4.2 Comparison with the state of the art

Eight state-of-the-art NR-VQA methods are compared with our proposed algorithm. All methods were evaluated using fivefold cross-validation with 10 random train–validation–test split, and median PLCC and SROCC values are reported as proposed in [17] and [18]. The median PLCC and SROCC values of five baseline methods (Video BLIINDS [23], VIIDEO [20], Video CORNIA [37], FC Model [17], and STFC Model [18]) were measured by Men et al. in [17] and [18]. On the other hand, the results of STS-MLP [38] and STS-SVR [38] were taken from their original publication because their authors also report on median PLCC and SROCC values using fivefold cross-validation with 10 random train–validation–test split. Furthermore, we retrained the NVIE method [19] on KoNViD-1k (80% of videos for training and 20% for testing) and evaluated it using the above-mentioned methodology. As a consequence, the fairness of comparison is assured because the evaluation methodology is exactly the same. The proposed architecture was also assessed on all videos of LIVE VQA [28] without any cross-validation because it was trained on KoNViD-1k [9]. State-of-the-art methods’ PLCC and SROCC values for LIVE VQA were taken from their original publications.

The results are summarized in Table 1. From these results, it can be concluded that the proposed method is able to achieve state-of-the-art results without transfer learning as well. On the other hand, with transfer learning our algorithm significantly outperforms the state of the art on KoNViD-1k [9]. Specifically, we could improve both PLCC and SROCC by approximately 0.1 compared to the best proposal in the literature. A scatter plot of the ground-truth MOS against the predicted MOS is depicted in Fig. 6. As regards LIVE VQA, our method was outperformed by approximately 0.05 in PLCC and SROCC by the best algorithm. Please note that previous methods except for FC Model [17] and STFC Model [18] were trained on or optimized for artificially distorted video sequences. That is why the results on the two different databases can be radically different. In spite of this, the proposed method is able to achieve state-of-the-art results on LIVE VQA [28] as well. Therefore, the experimental results confirmed the effectiveness and generalization capability of the proposed approach for NR-VQA.
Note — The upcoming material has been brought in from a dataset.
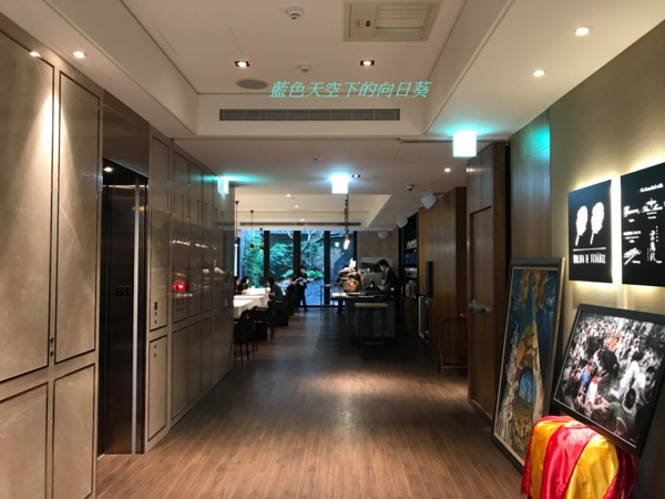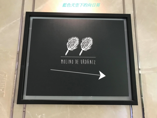 台北【Molino de Urdániz 渥達尼斯磨坊】位於慕舍酒店大廳地下一樓,入口處有餐廳告示牌指示,下方還有一幅紅色奔牛的畫,這幅畫讓人看了會不由自主地想起西班牙,非常有象徵性的一幅畫,倘若我的裙子再長一點,頭上再插朵紅花,也許就能如西班牙舞者般風情萬種的翩然起舞。

Table 1 Comparison to state-of-the-art NR-VQA algorithms applied on KoNViD-1k [9] and LIVE VQA [28] databases
Fig. 6
figure 6

Scatter plot of the ground-truth MOS against the predicted MOS on KoNViD-1k [9] test set

5 Conclusions

In this paper, we have introduced a novel architecture for NR-VQA utilizing deep features extracted from a pretrained CNN and LSTM network for sequence-to-one regression. The main novelty was that video sequences were considered as time series of deep features and an LSTM network was applied to learn long-term dependencies for perceptual quality prediction. Unlike previous methods, our work relies only on deep features and does not use handcrafted features at all. The large number of videos with authentic distortions found in KoNViD-1k [9] allowed us to build a purely data-driven model. The presented algorithm outperformed the best solution in the state of the art by approximately 0.1 in terms of both PLCC and SROCC on KoNViD-1k [9]. Our method was further tested on LIVE VQA [28] where it achieved the state-of-the-art results and was slightly outperformed by the best method in the state of the art.